ET302 Used the Cut-Out Switches to Stop MCAS - acqq
https://leehamnews.com/2019/04/03/et302-used-the-cut-out-switches-to-stop-mcas/
======
erentz
This was quite a revealing bit of the puzzle when it was announced. In short
(lay persons interpretation): due to a separate issue they had with the
airspeed disagree indicator warning they followed the course of action for
that which was to speed up the plane to prevent potential stall. You’re
flying, you don’t know for certain the speed, so go a bit faster.

But this meant when they had the AoA/MCAS issue they cut off the MCAS and were
going too fast to be able to manually trim the aircraft due to the fact MCAS
had driven the stabilizer to full deflection. At that speed and that amount of
deflection and pulling back with full elevator to try keep the nose up the
forces were too great to manually trim.

The solution to that is to ease up on the elevator allow the nose to go down
and manually trim then nose back up. But they were too close to the ground
still to do that safely. So they needed the electric trim enabled, but that
means having the faulty MCAS enabled which they needed off.

Suggested work arounds were to set flaps to 1 while leaving the drab trim
cutoff disabled which would’ve disabled the MCAS and let you still
electrically trim. But even if you thought of this you can’t extend flaps at
400kt.

If all this is true then this accident is definitely not as cut and dry as
everyone thought initially and the solution of “just cut the Stab Trim cutout
switches and trim manually” isn’t a solution in certain failure scenarios,
namely this one.

------
the_fonz
MentourPilot is a great channel... I subbed before the Max debacle.
[https://mentourpilot.com](https://mentourpilot.com)

It makes sense that even with two pilots trying to manually spin the trim
wheels from a full nose down configuration would be nearly impossible due to
aerodynamic loading. IIRC relatively unloaded manual trim wheel movement is
difficult even with both pilots extending the trim wheel folding handles and
spinning them with maximum effort.

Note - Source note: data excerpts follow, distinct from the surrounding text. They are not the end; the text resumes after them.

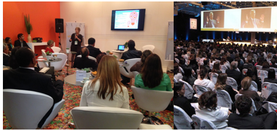
O Congresso de Gestão de Pessoas é considerado o maior evento relacionado à área de Gestão de Pessoas da América Latina

O objetivo é mostrar que, embora a área e o profissional de RH tenham se tornado cada vez mais valorizado nas organizações, a vanguarda do RH constrói pontes, propicia ambientes colaborativos e contribui com efetividade no desenvolvimento de pessoas mais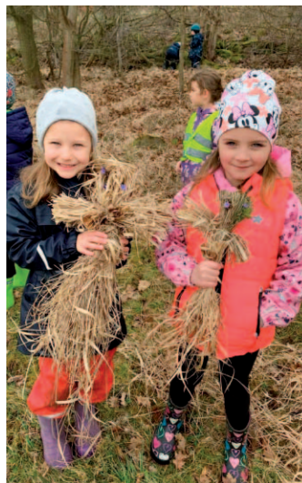
V duchu jarních tradic jsme vynášeli Moranu a vhodili ji do místního potůčku.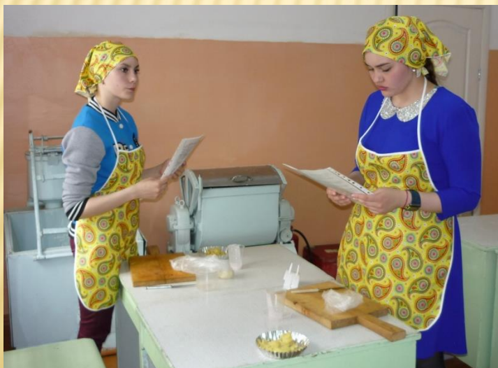
Учащиеся 10 а класса, школы №5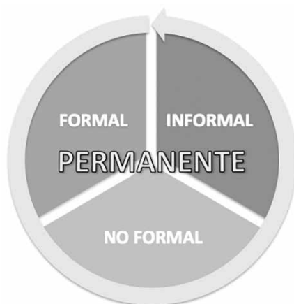
Figura 2. Tipos de educación

¿Cuáles son las particularidades que presentan la educación formal, informal o no formal?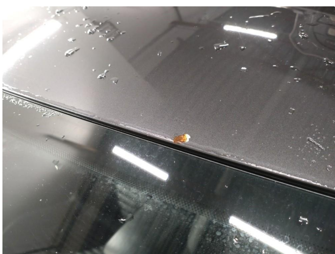
1.4 Steinsprut med rust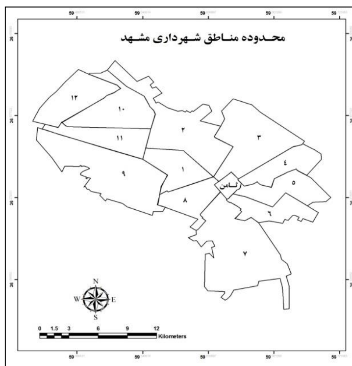
شکل ۱: نقشه مناطق شهر مشهد

شهر مشهد با مساحت ۲۰۴ کیلومتر مربع و جمعیت ۲/۵ میلیون نفر به‌عنوان بزرگ‌ترین شهر استان خراسان رضوی و یکی از مهم‌ترین شهرهای ایران مطرح است. ساخت اصلی شهر فعلی در ۲۵ سال اول قرن حاضر پایه‌ریزی شده است. خیابان، میدان و ساختمان‌های دولتی سه عامل هدایت توسعه شهر را به عهده داشته‌اند. شهر دارای دو مرکز اصلی است. چهار سمت شهر از طریق چند خیابان اصلی به میدان مرکزی اتصال می‌یابد. از سال ۴۵ به بعد توسعه شهر منطبق با طرح جامع هدایت شده است. مراکز تجاری و خدماتی در اطراف حرم و قطاع غربی تمرکز یافته‌اند و واحدهای مسکونی در دو محور غرب و شرق قرار دارند (معاونت معماری و شهرسازی مشهد، ۱۳۹۱). محدوده مورد بررسی، مناطق ۱۳ گانه شهر مشهد می‌باشد (شکل ۱).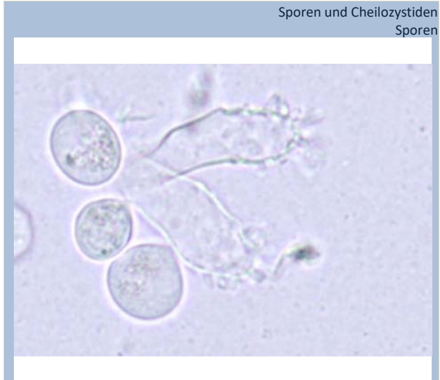
Sporen und Cheilocystiden Sporen

I would like to know if commercial
simulators accurately simulate manual trim wheel difficulty under high
aerodynamic loading such as full nose down trim and high speed.

I think the electric trim cutout switches should be repurposed as "automation
trim cutout switches" so that pilots can continue to use the yoke trim
switches under high aerodynamic forces where manual trim reversion isn't
possible and electric power is still available... and pilots could still
revert to trim wheels during electric power loss conditions. You wouldn't
disable the brake booster in a car because cruise control went haywire.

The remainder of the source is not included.